A single command can be used for SiloActive pipeline:
python3 trainactive.py \
--approach lowest \ # set to lowest for best performance
--prefix a \ # prefix, can be any strings to identify your unique experiment
--gene_target_name MyTarget \ # a prefix, your target name
--num_samples_per_round 12 \ # default to 12
--total_sample_rounds 10 \ # default to 10
--model_folder ./out \
--pretrained_model_name YourModelName_best.pth \
--model_save_folder ./out/active \
--cache_folder ./datacache \
--result_folder ./out \
--pred_result_save_path active_test_pred_result.csv \
--active_model_save_name active_learning_model.pth \
--data_folder ./data \
--vocab_file vocab_reorganized.json \
--train_data_csv your_active_train.csv \ # for pretraining before active
--pool_data_csv your_active_pool.csv \ # pool set for selectively adding new targets
--test_data_csv your_active_test.csv # test set, for evaluationThe active process will then be conducted, all the used data samples result_folder will be built, which records the prediction result on test sets after each active rounds.
The default sampling strategy is upper margin sampling (--approach lowest because we predict the remaining percentage, which is opposite to the silencing efficiency), which has already been described in the article in detail.
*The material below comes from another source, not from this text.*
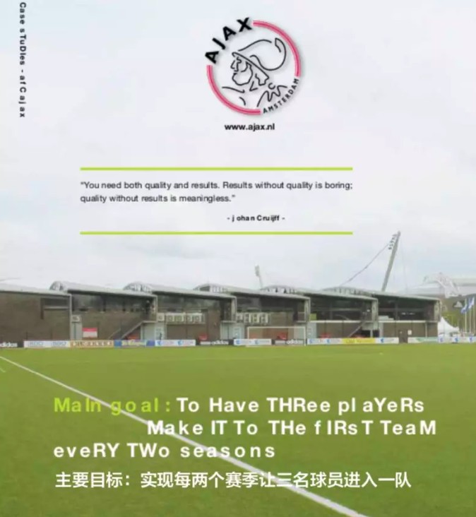 每一位从事足球相关工作的人都听说过“希望在未来”。足球青训基地必须卓而不凡,才能培养出像克鲁伊夫,范巴斯滕和博格坎普这样的天才球员。但是,培养足球人才的关键不在于硬件配备,而在于俱乐部的发展理念。和阿贾克斯俱乐部打交道的人会很快注意到, 这里的人会用“我们”来形容阿贾克斯俱乐部。这一点凸显了阿贾克斯俱乐部员工共管共治的特点。阿贾克斯俱乐部发展理念的另一个基础是攻势足球。阿贾克斯俱乐部的足球思想是:踢球只求胜利,而没有美感会很无趣,而只追求美感,却不管结果,那会是徒劳无功。阿贾克斯俱乐部发展理念的第三个重点是让青训学院为俱乐部一队输送球员。阿贾克斯俱乐部通常不会购买球员(除非没有适合的候选人),并且鼓励青训学院每两个赛季向一队输送三名新毕业球员。我们的青训体系的目标是:在阿贾克斯俱乐部青训学院的指导下,实现常规性的青少年球员向成年天才球员的过渡。最优秀的青少年球员,哪怕年龄在16、17岁之间,只要他们能力出众, 就肯定能升入俱乐部一队。但是现代足球经济也有其不利的影响,阿贾克斯俱乐部现在也将自身视作球员加工厂。阿贾克斯通过青训学院培养出毕业生后, 会将他们留在俱乐部几年,提高他们的能力,然后将竞技状态处于巅峰的他们交易给不想培养青少年球员,只希望购入球员的俱乐部。
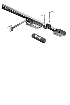 APERTO-automatik till den nya generationen med SOMloq2. Allt-i-ett (motor, styrenhet och belysning). Varje portöppnare levereras i ett komplett set i en kartong. I leverans ingår tredelad motorskena, motorvagn, takupphängning, monteringstillbehör, dragarm och portbeslag, samt förprogrammerad 2-kanalig fjärrkontroll Pearl Twin.

If you want to try other sampling strategies, there's a few counterparts for you to choose:
| Sampling Method | Command |
|---|---|
| Lower Margin Sampling | highest |
| QBC Sampling | qbc |
| Sample by perplexity | uncertainty |
| Random | random |
By simply change the sampling option --approach, you can test the performance of other sampling methods.
This project is licensed under the Apache License 2.0 - see the LICENSE.txt file for details.